Entity-based indexing: From content index to entity index

Reddi1 · Post by **Reddi1** » Thu Jan 30, 2025 6:37 am

Until 2013, the basis for Google rankings were websites, their content , keywords and backlinks . With the Hummingbird update and the Google Knowledge Graph, Google started its own transformation into a semantic search engine . Entities play a central role in this transformation with regard to indexing. I would like to explain why this is the case in this part of my series of articles on the subject of semantics and entities at Google .
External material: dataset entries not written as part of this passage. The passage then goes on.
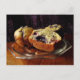 This postcard features mouth-watering blueberry muffins arranged on a shiny glass plate on a wooden table. The background is draped in a deep purple fabric.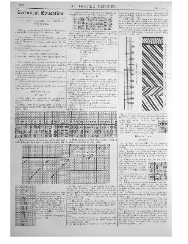 Technical Education, ---. Textile Mercury , Vol. 4 (1891), 4 pages. Note: Digital photography. Posted August 1, 2006. SAMPLE PAGE. File size 8.12 MB PDF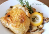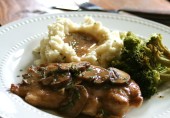 Жареная куриная грудка с соусом из грибов с луком, чесноком и тимьяном, тушеных в белом вине и курином бульоне.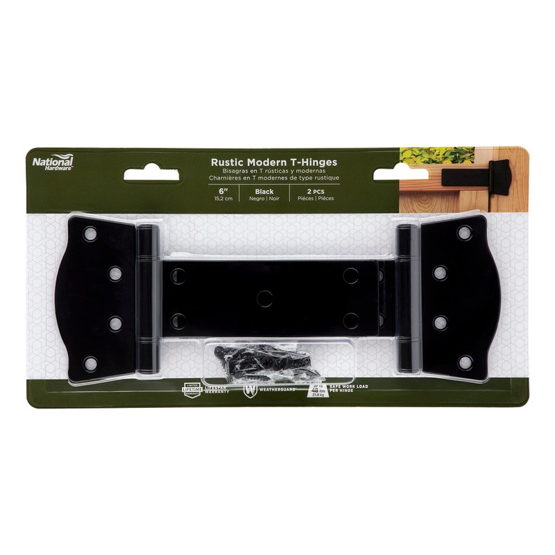 • The National Hardware Rustic Modern Gate T-hinges are a set of two T-Hinges that are durable, dependable and designed for long-lasting everyday use.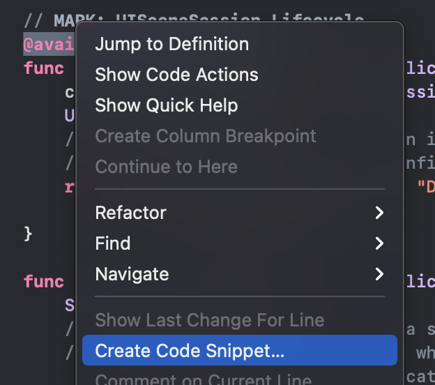 SceneDelegate에서는 파일 전체가 iOS 13.0이상에서 인식되어야하기때문에 위쪽 헤더에 버전 데응 어노테이션을 선언해준다.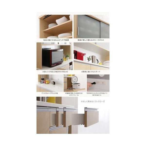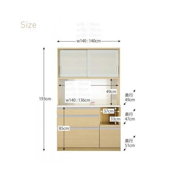 kag-35117 食器棚 キッチン 収納 棚 ラック 大容量 ( 組立有 約 幅140 奥行50 高さ195 ) ハイタイプ ワイド 大型レンジ 引き戸 ガラス 引出 コンセント 炊飯器 スライド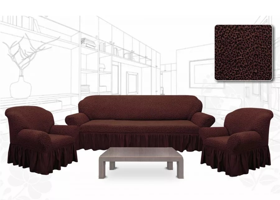 Комплект чехлов на 3-х местный диван и 2 кресла с оборкой Клетка ,шоколадный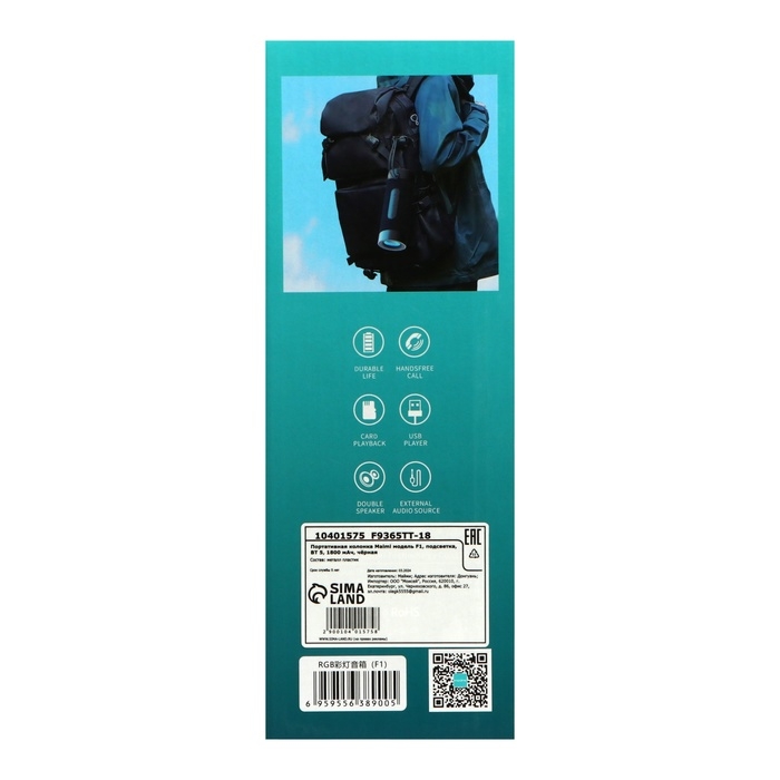 Портативная колонка Maimi F1, microUSB, подсветка, BT 5, 1800 мАч, чёрная

Table of contents [ Hide ]

1 Entity-based indexing: From content-first index to entity-first index
2 My theses on entities and indexing
3 The advantages of an entity-based index
4 Challenges of Entity-Based Indexing
5 More exciting Google patents related to entity-based indexing
Entity-based indexing: From content-first index to entity-first index
First of all, I would like to deal with a very detailed five-part article by my American colleague Cindy Krum . It forms the introduction to my further thoughts on the topic of indexing and entities.

Cindy and her team have conducted a lot of tests and research jordan phone number data to prove that Google is increasingly concerned with understanding entities. She links this directly to the introduction of the Mobile First Index. At the heart of her argument is language. According to Cindy, Google wants to understand entities regardless of language.

With Google's new Entity based understanding, the language of the entity and content does not matter as much anymore – at least in some languages, and for some queries. Content can be clustered in the index based on the entity understanding, without being omitted because it is in the wrong language.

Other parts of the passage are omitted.